__Assigned task__.
Below are records with pictures; copy word for word only the lines between the line with "本站讯 7月9日,信息工程学" and the line with "1, Peronospora parasitica.", inclusive, and drop the pictures.

__Extracted entries__.
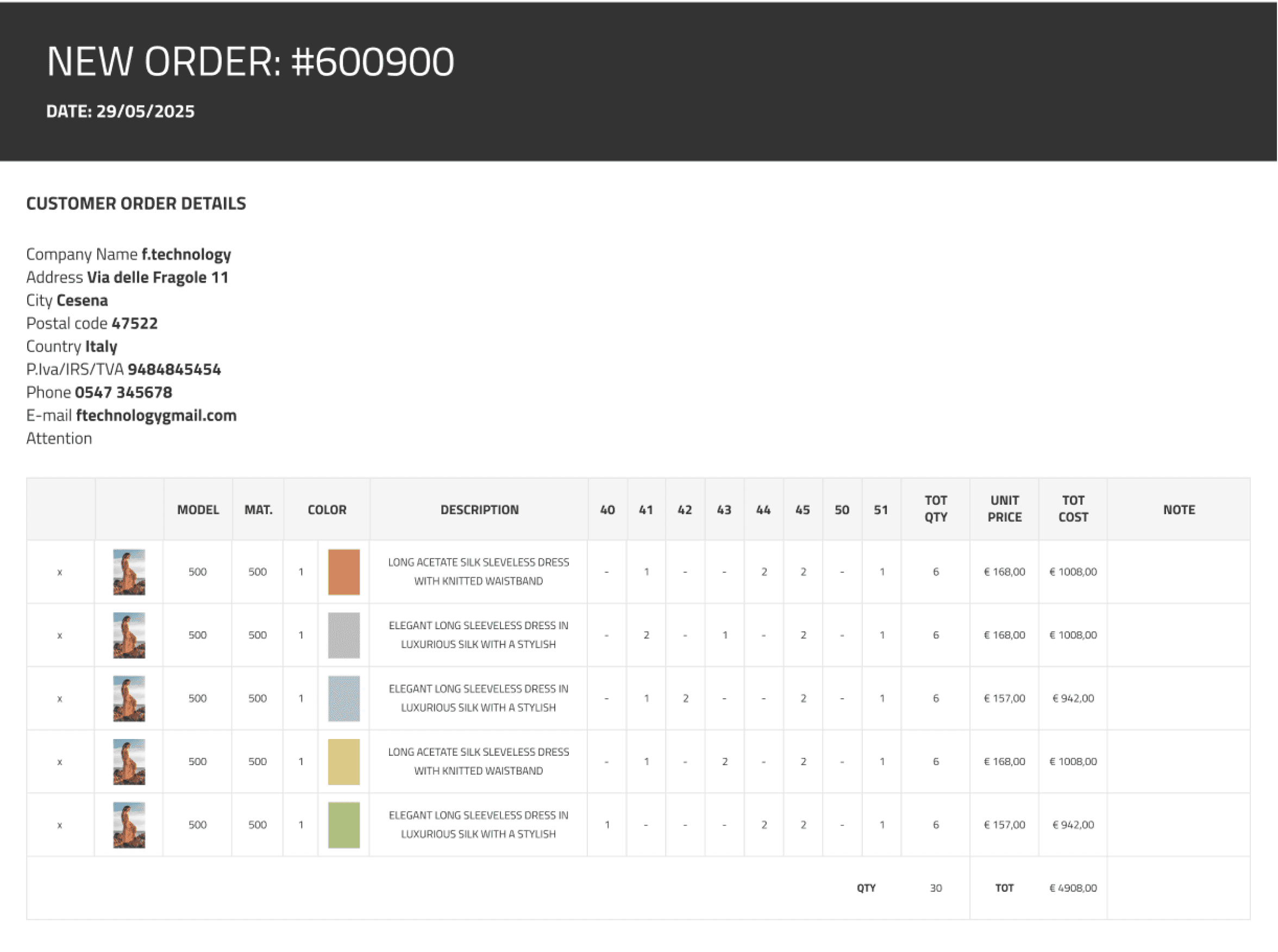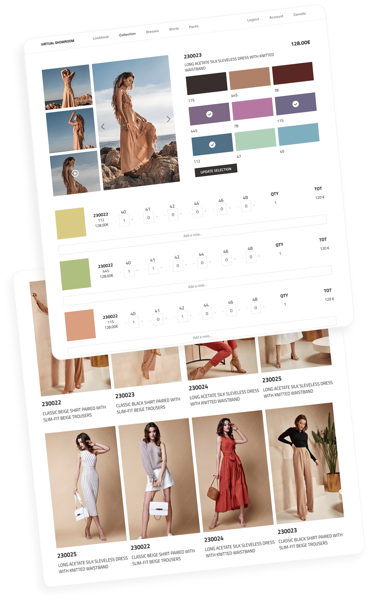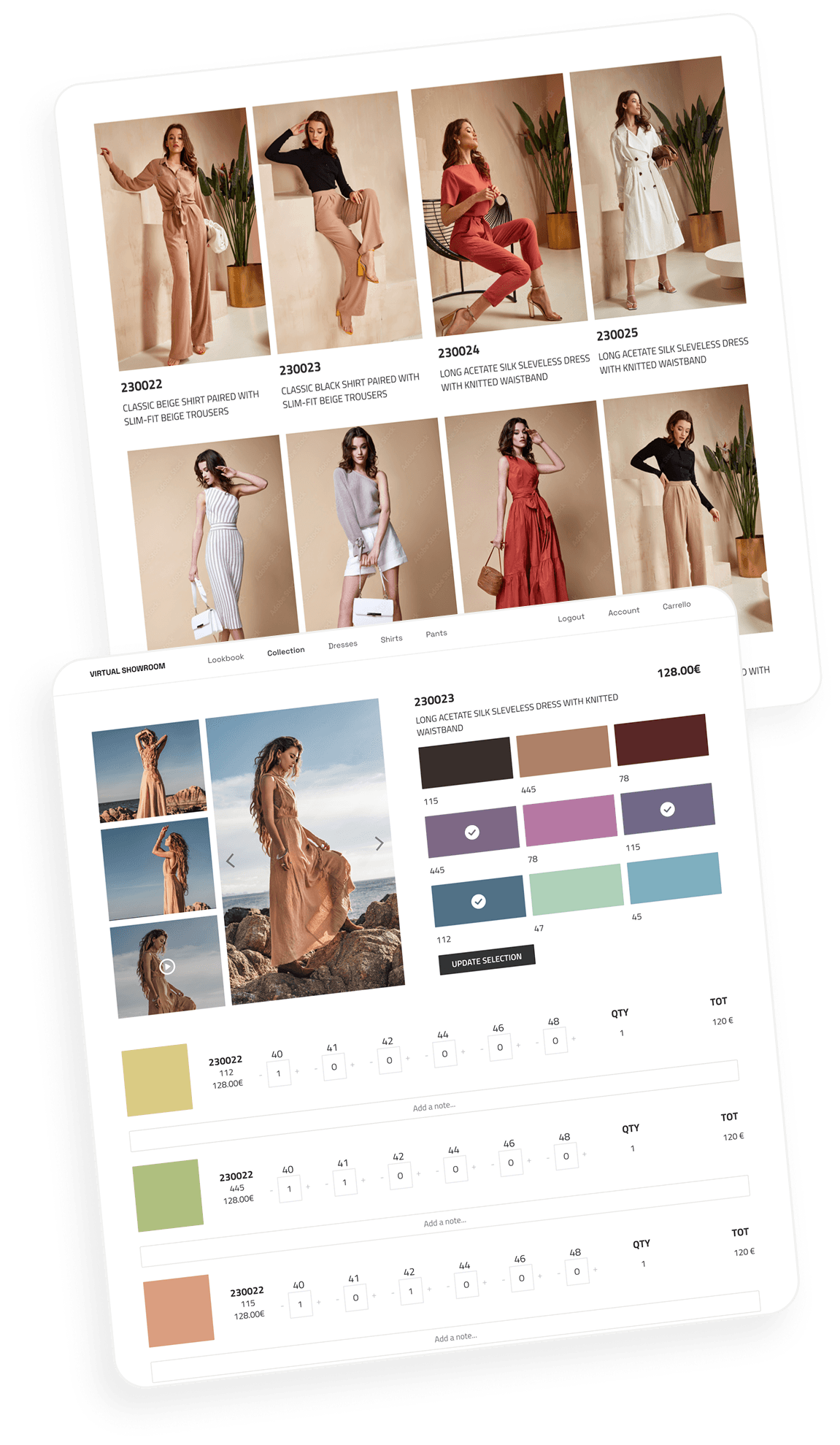 Dal lancio della collezione alla produzione definitiva, la piattaforma accompagna ogni fase con strumenti chiari e intuitivi. I buyer visualizzano il campionario, selezionano i modelli preferiti e inviano gli ordini prima della chiusura delle prenotazioni. I dati raccolti guidano poi la produzione, ottimizzando tempi e quantità.
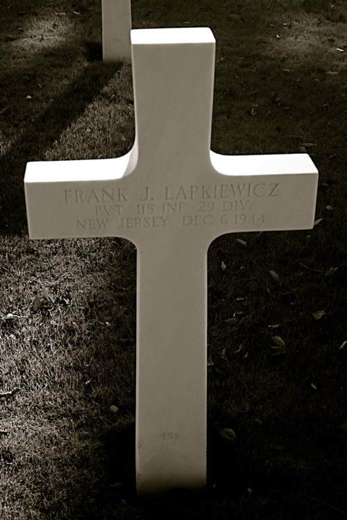 Lapkiewicz’s headstone at the Cambridge American Cemetery (Courtesy of Geoff Roecker)
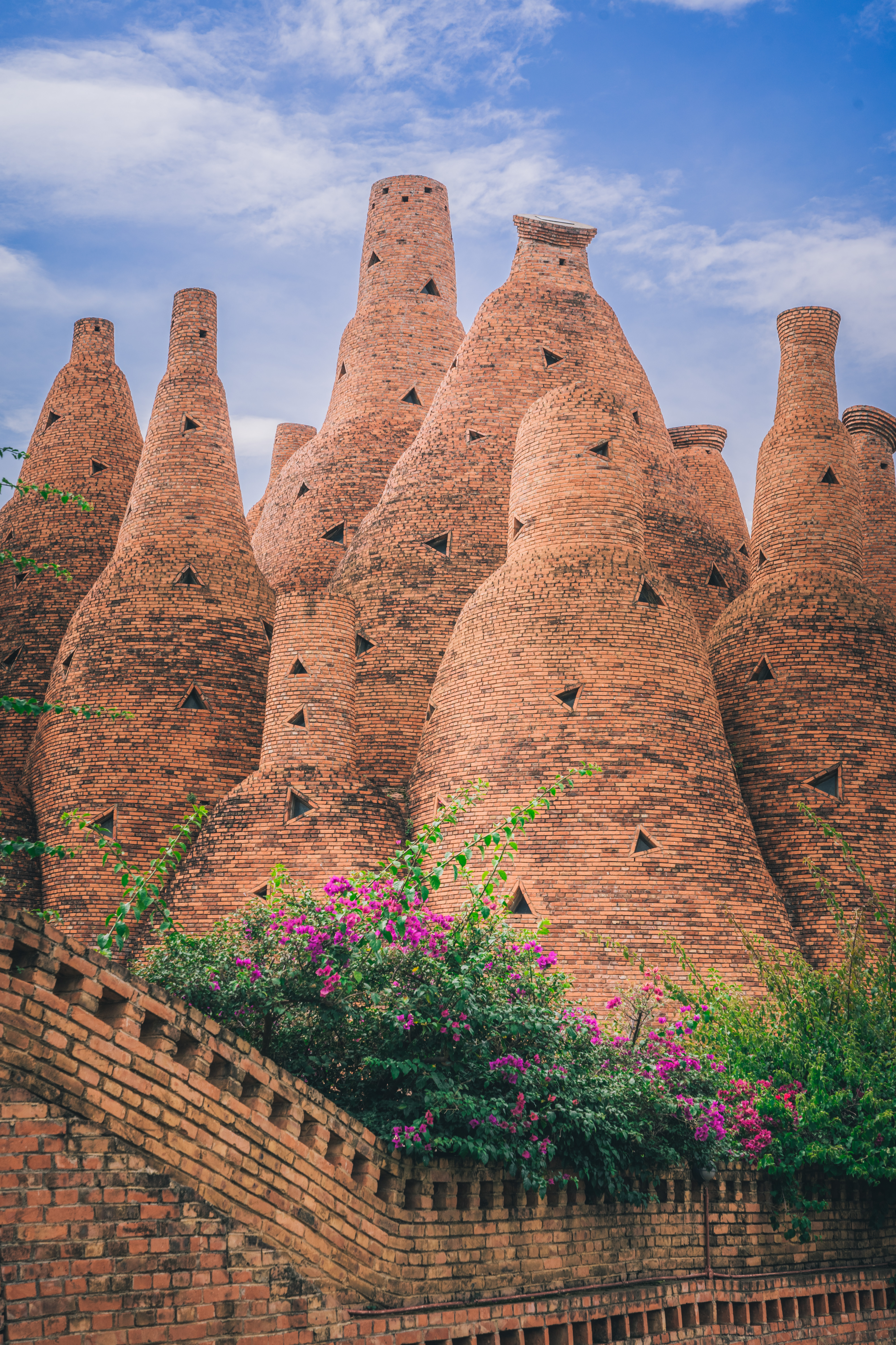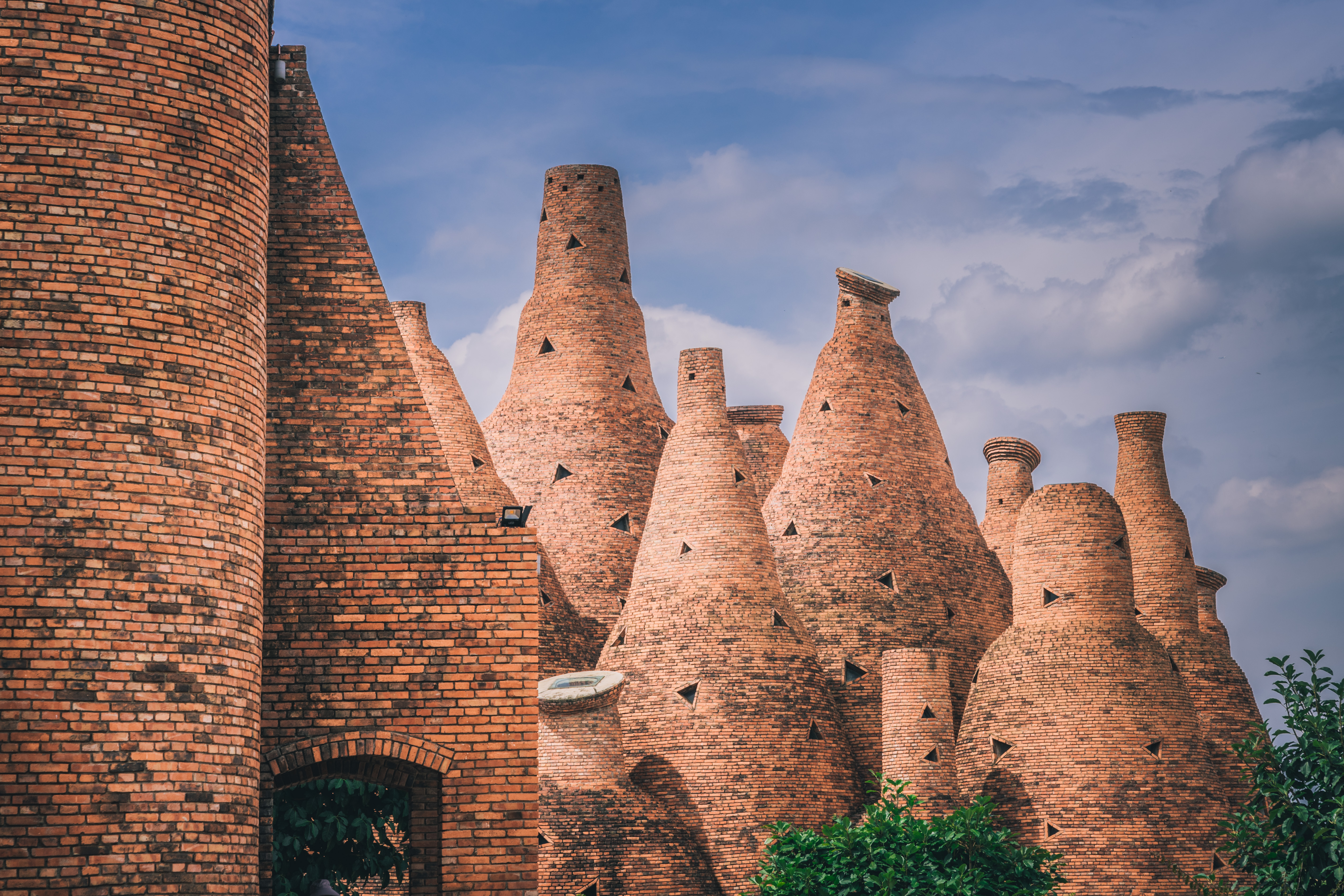 东风韵,是设计鬼才罗旭,通过最普通的红砖,堆砌出一座造型奇特的城堡。建筑风格融合红酒文化、彝族支系阿细人的火文化,酒瓶、火苗状的城堡,被誉为“魔幻未来主义的魔幻城堡”
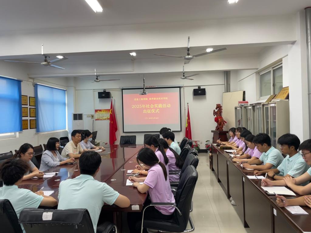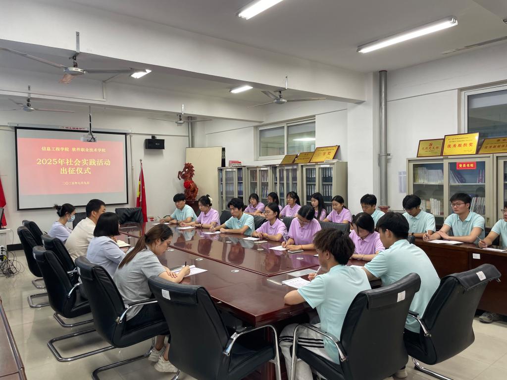 本站讯 7月9日,信息工程学院(软件职业技术学院)在3号楼312会议室举行2025年暑期社会实践活动出征仪式。学院党总支书记武莹,副书记陈茜,团总支书记贺钰,实践分队指导老师高俊笑、雷文杰和各实践分队全体同学参加了出征仪式。
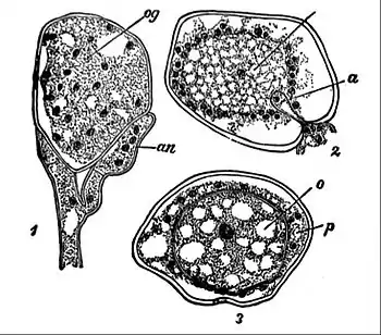 1, Peronospora parasitica. Young multinucleate oogonium (og) and antheridium (an). 2, Albugo candida. Oogonium with the central uninucleate oosphere and the fertilizing tube (a) of the antheridium which introduces the male nucleus. 3, The same. Fertilized egg-cell (o) surrounded by the periplasm (p). |
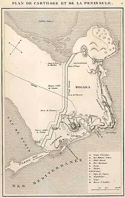 In 1901, Paul Monceaux referred to the disagreement between historians "on the number and location of basilicas".[5] Victor de Vite locates two Cyprian basilicas outside the city walls of Carthage,[6] the place of his martyrdom and the place of his burial at "Les Mappales". Monceaux considered that three buildings were dedicated to the saint in Carthage, two outside the city (Ager Sexti towards La Marsa, and the other near the cisterns of La Malga) and one near the Punic ports,[7] a thesis contested by most specialists, including Lancel. Texts by Augustine of Hippo, in particular his sermons, support the idea of two buildings dedicated to the bishop of Carthage.[4]
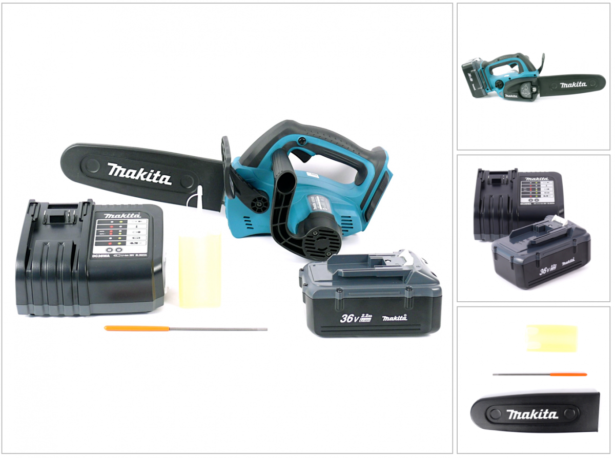Schnelles Arbeiten wird durch den starken Motor und der 36 Volt Li- Ion Akku in der Makita UC 250 DWB Akku- Kettensäge ermöglicht. Für den Komfort beim Arbeiten sorgen die gummierten Handgriffe, das werkzeuglose Spannen und Wechseln der Kette und der automatischen Kettenschmierung. Der besondere Schutz wird durch die Motor- und Kettenbremse gewährleistet. Dank der hervorragenden Eigenschaften ist diese Kettensäge die perfekte Ergänzung für ihr Gartenwerkzeug.

__Response to the exercise__.
 本站讯 7月9日,信息工程学院(软件职业技术学院)在3号楼312会议室举行2025年暑期社会实践活动出征仪式。学院党总支书记武莹,副书记陈茜,团总支书记贺钰,实践分队指导老师高俊笑、雷文杰和各实践分队全体同学参加了出征仪式。
 1, Peronospora parasitica. Young multinucleate oogonium (og) and antheridium (an). 2, Albugo candida. Oogonium with the central uninucleate oosphere and the fertilizing tube (a) of the antheridium which introduces the male nucleus. 3, The same. Fertilized egg-cell (o) surrounded by the periplasm (p). |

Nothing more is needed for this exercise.